Yeah create a set and an action for sharpening etc, I usually use the hue/saturation tool prior to the sharpen/usm too, especially on a large number of files.


----------



## guitarkid (Aug 6, 2006)

thanks for the help.  looks like there is even more research to do.  not sure what a SET is and not sure where in the mix to do it.  i'm assuming after i convert from RAW to JPG....then do a set and then batch them, etc.  i think someone else here converts to tiff, then batches, then convert to JPG is the final step.  

thanks


----------



## ksmattfish (Aug 6, 2006)

Go to the "Actions" window, usually by the history window.  Actions are just recordings of a process so you can play it over again without typing eveything in again.  Sets are like folders full of actions.  I have a set of BW actions, a set of resizing actions, a set of sharpening actions, etc...

My workflow for weddings starts by synchronizing the time on my DSLRs before the wedding.  Afterwards I can put everything from 2 cameras into a folder, sort by time, then rename them all 001 through whatever, and I have the whole wedding in sync.  If one camera is off from the other by even a minute, it really mixes things up.
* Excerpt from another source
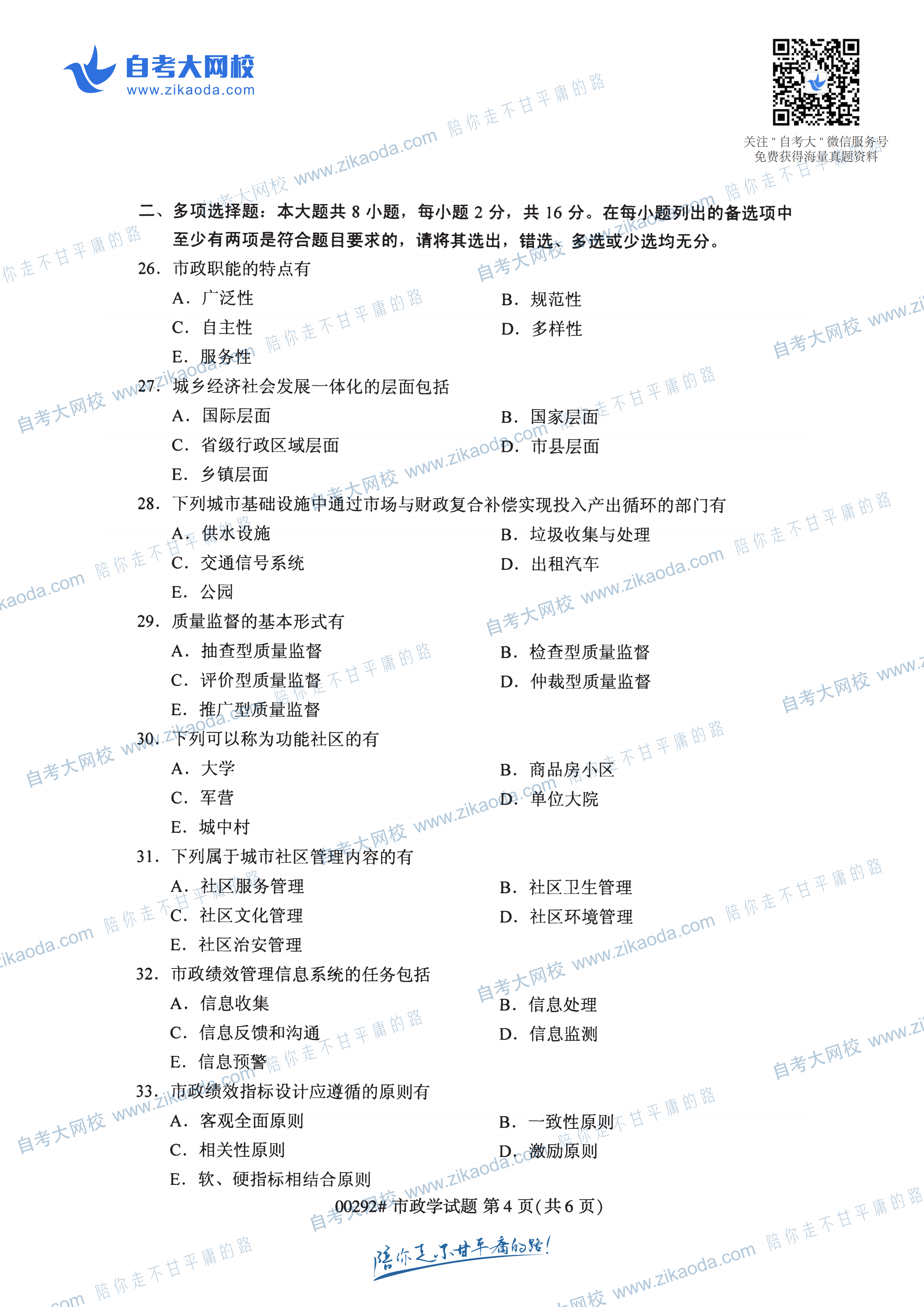 以上是關(guān)于全國(guó)2019年4月自考00292市政學(xué)真題試卷免費(fèi)下載已公布的相關(guān)信息,請(qǐng)自考生們認(rèn)真查看,如果你想獲取最新的江蘇自考新聞或者江蘇自考問(wèn)題答疑,可以掃描江蘇自考網(wǎng)公眾號(hào)二維碼,我們會(huì)最第一時(shí)間內(nèi)為你解答。

I use Adobe Bridge and Adobe Camera RAW to sort through keepers, potential keepers, and tossers.  Then I go through the keepers and potential keepers with Camera RAW and adjust white balance, adjust exposure, contrast, and saturation if necessary, and sometimes convert to BW.  I've actually found I like the Camera RAW desaturate in many instances better than using the channel mixer later in PS.  When I'm done in Camera RAW I save the files as 16 bit tiffs.

In Adobe Photoshop I look at each photo and work on it as necessary.  For some photos this is minor color and contrast tweaking, some burning and dodging, etc...  For other photos it can be more extensive manipulation such as removing blemishes, or adding soft focus, spot sharpening or blurring effects, merging different exposures, heavy burning and dodging, stitching panos, etc...  

Anything that is going to be done the same way to a group of photos I try to use batch actions.  For instance if I'm going to add a thin black border to all BW photos, I just save that for one of the last steps, and use the automate batch function.

Once I have everything finished, I make an action that sharpens (I've been using CS2 smart sharpening), and then converts the mode to 8 bit, and saves (still as a tiff).  Then I use File->Scripts->Image Processor to convert the tiffs to jpg.  Then rename again so the file list doesn't have numbers gaps where I deleted images.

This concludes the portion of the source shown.